*What the task asks*
Repeat the data verbatim, images excluded.

*Information shown*

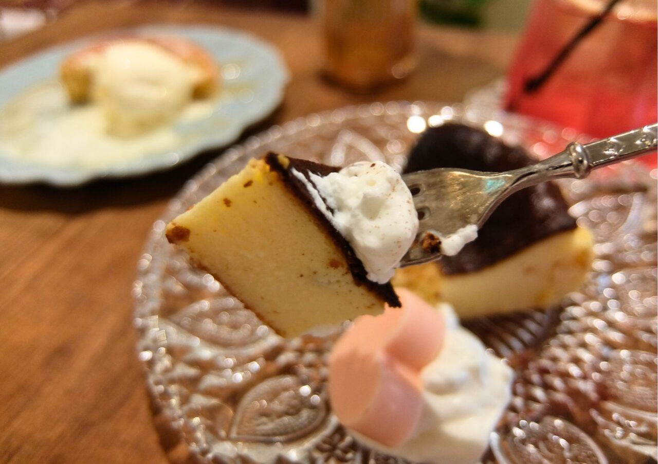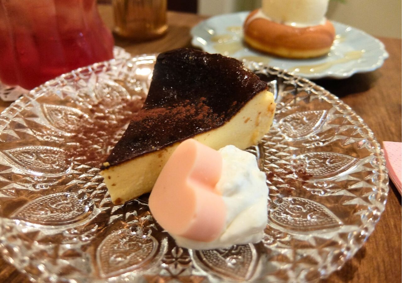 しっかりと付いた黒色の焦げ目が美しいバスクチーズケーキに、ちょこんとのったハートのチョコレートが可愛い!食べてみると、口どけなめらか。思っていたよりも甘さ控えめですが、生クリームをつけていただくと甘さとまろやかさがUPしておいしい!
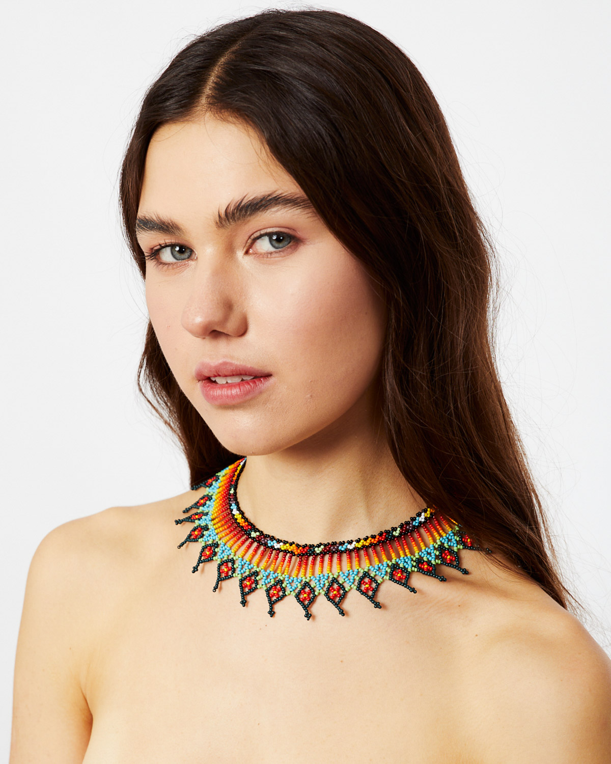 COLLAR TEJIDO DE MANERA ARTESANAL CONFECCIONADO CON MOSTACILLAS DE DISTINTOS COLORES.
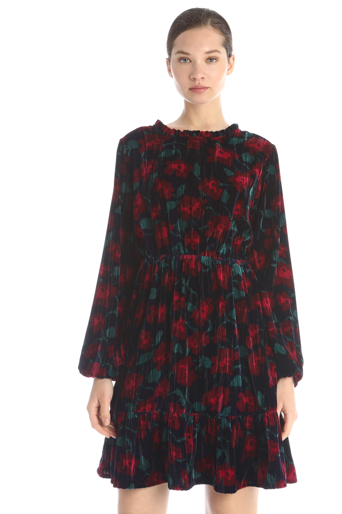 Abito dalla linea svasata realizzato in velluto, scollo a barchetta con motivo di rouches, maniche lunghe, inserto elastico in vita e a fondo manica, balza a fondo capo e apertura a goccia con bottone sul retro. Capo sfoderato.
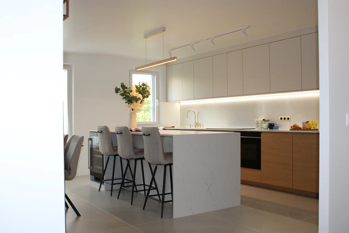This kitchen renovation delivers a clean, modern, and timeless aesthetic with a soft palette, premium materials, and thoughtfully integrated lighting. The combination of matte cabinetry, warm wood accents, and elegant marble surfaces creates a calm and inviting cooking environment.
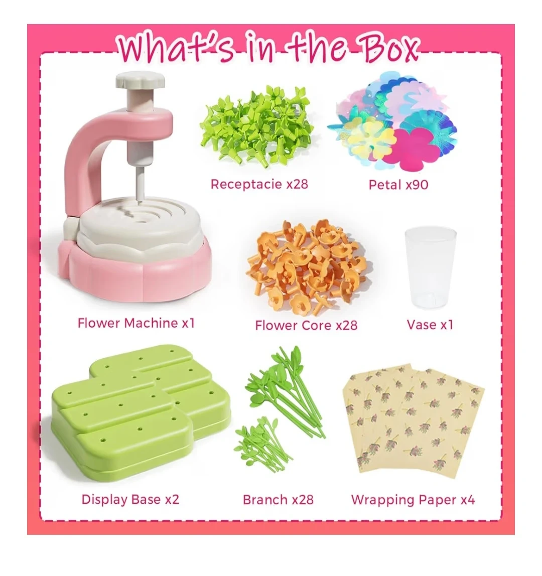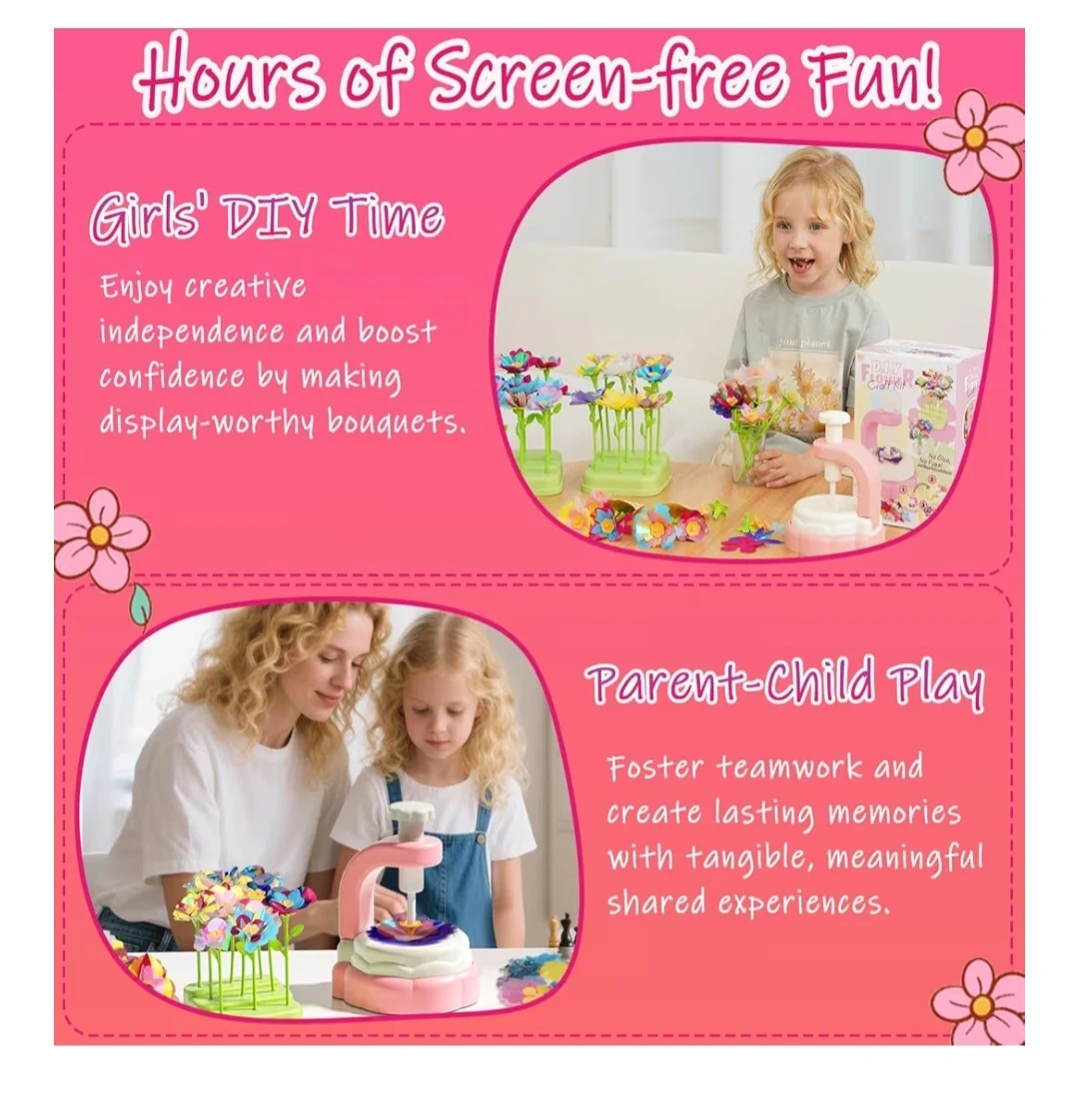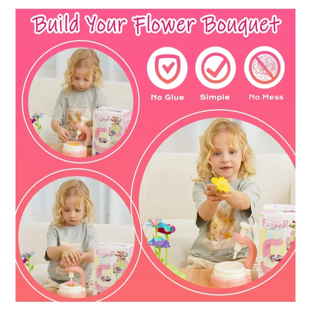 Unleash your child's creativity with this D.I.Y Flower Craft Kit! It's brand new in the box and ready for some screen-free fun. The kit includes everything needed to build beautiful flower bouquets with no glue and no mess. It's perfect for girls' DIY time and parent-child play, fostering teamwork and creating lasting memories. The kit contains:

*Written reply*
 しっかりと付いた黒色の焦げ目が美しいバスクチーズケーキに、ちょこんとのったハートのチョコレートが可愛い!食べてみると、口どけなめらか。思っていたよりも甘さ控えめですが、生クリームをつけていただくと甘さとまろやかさがUPしておいしい!
 COLLAR TEJIDO DE MANERA ARTESANAL CONFECCIONADO CON MOSTACILLAS DE DISTINTOS COLORES.
 Abito dalla linea svasata realizzato in velluto, scollo a barchetta con motivo di rouches, maniche lunghe, inserto elastico in vita e a fondo manica, balza a fondo capo e apertura a goccia con bottone sul retro. Capo sfoderato.
This kitchen renovation delivers a clean, modern, and timeless aesthetic with a soft palette, premium materials, and thoughtfully integrated lighting. The combination of matte cabinetry, warm wood accents, and elegant marble surfaces creates a calm and inviting cooking environment.
 Unleash your child's creativity with this D.I.Y Flower Craft Kit! It's brand new in the box and ready for some screen-free fun. The kit includes everything needed to build beautiful flower bouquets with no glue and no mess. It's perfect for girls' DIY time and parent-child play, fostering teamwork and creating lasting memories. The kit contains:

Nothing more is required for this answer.